We have witnessed some big changes in the SEO world in 2018. From big algorithm updates to mobile first indexing & changes in Google search console, there is a lot to catch up on.
Search ranking and algorithm updates
Speed update. Google pre-announced that they will be launching the Speed update anytime soon in January but launched it five months later in June. At first, many website owners and SEO professionals were flipping out, thinking that it will adversely affect their site ranking, but Google confirmed that this update will only affect the slowest sites. Google said it “only affect a small percentage of queries.”
Medic update. Clearly the biggest search ranking algorithm update in 2018. Google launched the Medic update around August 1 & confirmed it after the SEO community took notice and approached them to get more information. At first Google shrug it off saying that it just another “broad core algorithm update” that they do multiple times a year, but this update was different as it specifically impacted health and YMYL categories.
Other algorithm updates. Along with the Medic update, Google also launched March core Update and April core update.
Google started hinting that they will be going mobile first very soon….in 2016. Yeah, they were planning to go mobile first since 2016 and fully shifted to mobile first indexing in 2018. 1 NOTABLE CHANGES IN SEO WORLD IN 2018.
For those who are unaware of it, Google finally decided to index the internet from the view of a smartphone instead of desktop. They started sending notifications via Google Search Console to inform the site owners about this shift. Today, Google claims that almost 50% of the websites have been shifted to mobile first indexing. Here’s a Google guide on how you can prepare for mobile first indexing.

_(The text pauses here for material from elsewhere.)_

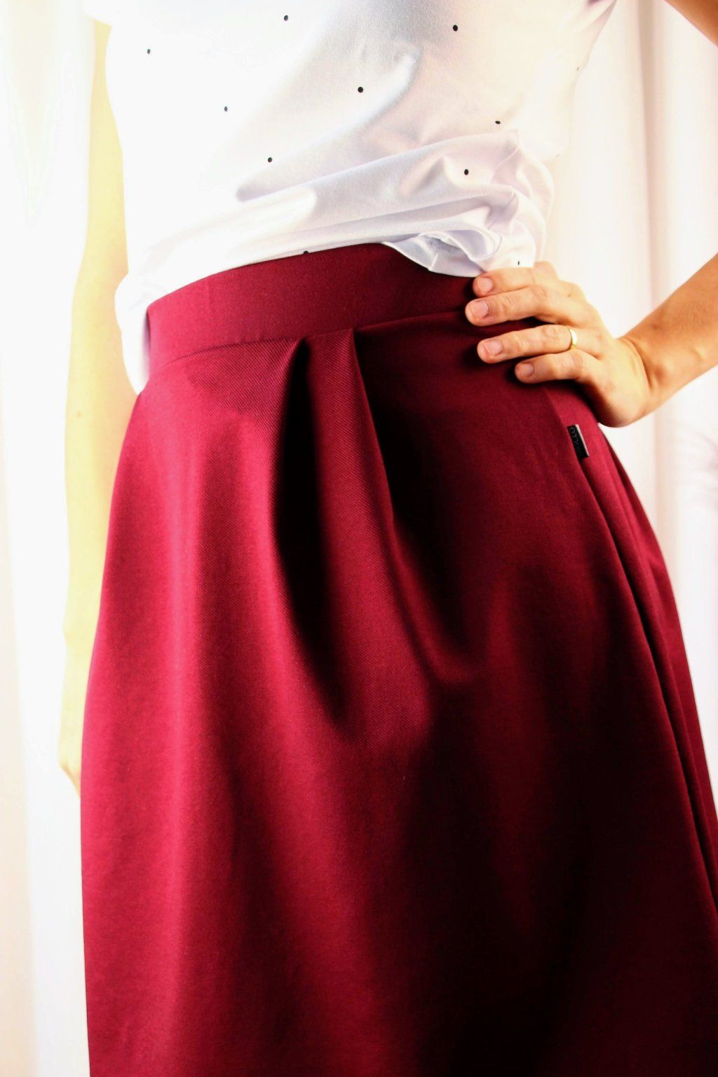 Veru chtěla sukni, ve které se nebudeš muset omezovat, a přesto bude elegantní a lichotící postavě. Všechny zkušenosti, které sama zažila, vložila do návrhu – od střihu, který se přizpůsobí pohybu, až po pohodlný pas, který nikde netlačí.

Structured data. Google is putting a lot of emphasis on structured data & schema. From speakable markup for voice search related queries, a brand new indexing API for job posting schema to image search changes, various updates to recipe markup, new job posting guidelines, Q&A schema, live stream support, datasets schema, how to, QA, FAQs schema and so much more.
Other changes. Google not only introduced new schemas & API but also dropped support for the old ones like news meta tag, the standout tag and editors pick in Google news. This move was seen as an attempt to appear unbiased because all of the internet giants are facing allegation of partial treatment from a lot of publishers & users.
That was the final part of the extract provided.